As a final note, let me share the story of an overseas concert I gave once, when my band got to the end of the song—but we kept on playing for several more minutes, almost as if it some powerful outside source demanded it. All I can say is that it felt right to continue playing, and every member of the band grasped this intuitively. I suspect every jazz or rock group does this from time to time—almost without thinking about it. But in this instance, I asked the drummer after the gig: “Why didn’t we stop the song where we were supposed to.” He wisely answered: “Stopping the song there would have been like trying to stop a freight train.”
In other words, musicians feel instinctively that disrupting the pathway into euphoria and trance is just plain wrong. And you can’t achieve it in just three minutes. Maybe it’s time the record industry started to take advantage of this simple fact.

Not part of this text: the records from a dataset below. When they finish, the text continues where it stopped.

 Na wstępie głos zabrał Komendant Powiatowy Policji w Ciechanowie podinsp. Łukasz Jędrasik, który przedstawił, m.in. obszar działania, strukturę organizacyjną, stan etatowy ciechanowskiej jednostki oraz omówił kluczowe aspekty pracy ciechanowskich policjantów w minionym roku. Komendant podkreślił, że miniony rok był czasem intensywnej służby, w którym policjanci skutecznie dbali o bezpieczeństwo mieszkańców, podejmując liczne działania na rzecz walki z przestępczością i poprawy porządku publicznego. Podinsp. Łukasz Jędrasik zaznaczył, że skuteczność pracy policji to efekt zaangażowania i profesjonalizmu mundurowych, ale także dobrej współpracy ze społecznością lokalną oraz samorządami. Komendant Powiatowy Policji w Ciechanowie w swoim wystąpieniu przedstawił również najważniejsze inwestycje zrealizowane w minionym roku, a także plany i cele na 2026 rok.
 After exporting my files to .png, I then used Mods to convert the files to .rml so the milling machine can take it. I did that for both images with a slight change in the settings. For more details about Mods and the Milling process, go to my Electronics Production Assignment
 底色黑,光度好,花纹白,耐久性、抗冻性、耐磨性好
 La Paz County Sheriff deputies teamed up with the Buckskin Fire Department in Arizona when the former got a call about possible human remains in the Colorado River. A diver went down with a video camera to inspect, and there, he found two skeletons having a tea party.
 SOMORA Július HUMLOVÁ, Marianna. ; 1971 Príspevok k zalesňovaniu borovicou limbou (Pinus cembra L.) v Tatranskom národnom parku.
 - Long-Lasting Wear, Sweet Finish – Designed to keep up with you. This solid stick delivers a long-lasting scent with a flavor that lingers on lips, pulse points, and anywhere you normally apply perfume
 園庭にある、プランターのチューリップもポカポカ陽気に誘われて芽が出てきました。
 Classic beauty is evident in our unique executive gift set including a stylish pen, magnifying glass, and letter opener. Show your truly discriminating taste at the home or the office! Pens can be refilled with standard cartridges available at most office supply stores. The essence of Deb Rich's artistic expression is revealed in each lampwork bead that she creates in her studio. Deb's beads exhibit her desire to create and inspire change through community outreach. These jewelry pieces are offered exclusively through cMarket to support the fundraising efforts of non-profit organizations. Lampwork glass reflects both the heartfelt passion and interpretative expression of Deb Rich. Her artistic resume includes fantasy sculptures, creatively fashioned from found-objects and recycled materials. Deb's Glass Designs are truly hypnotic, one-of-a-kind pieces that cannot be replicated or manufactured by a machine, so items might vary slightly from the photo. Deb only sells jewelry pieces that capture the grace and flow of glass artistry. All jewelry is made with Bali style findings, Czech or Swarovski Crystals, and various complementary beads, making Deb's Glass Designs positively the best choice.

While I don't disagree with you, being a fan of not only Coltrane, but of The Grateful Dead and of Breton dance music like Blowzabella, where songs often segue into each other, I feel that there is also a purpose for the 3 minute song. When I was living in Denmark, I wrote a longish piece for the NME that they titled "The Rot at the Roots of Rock and Roll". I posited that the format of the 3 minute single taught discipline, and that rock musicians in particular, without much training or experience, were often unable to sustain longer pieces. One of the best examples, IMO, was Pink Floyd's Atom Heart Mother, which I saw performed at The Fillmore East in 1970 with the band backed by a small choir. (I understand that they also had a string section when they toured Europe, but did not bring that to the US, probably due to cost.) The piece simply didn't have enough ideas to sustain the length. Nor were the band great improvisers. The best Pink Floyd is the short, early songs on Piper at the Gates of Dawn or Nick Mason's solo album Fictitious Sports. Nick was being pressured by Columbia for a solo album, realized that he didn't have enough ideas, and simply handed the keys over to the great Carla Bley and asked her to make an album for him. The result was the best PF solo album aside from Syd's 1st two.
Great format Ted.
As always the content is excellent.
Now I understand why I play Led Zeppelin's "Dazed and Confused" (and lots of their other tracks) on repeat in my car.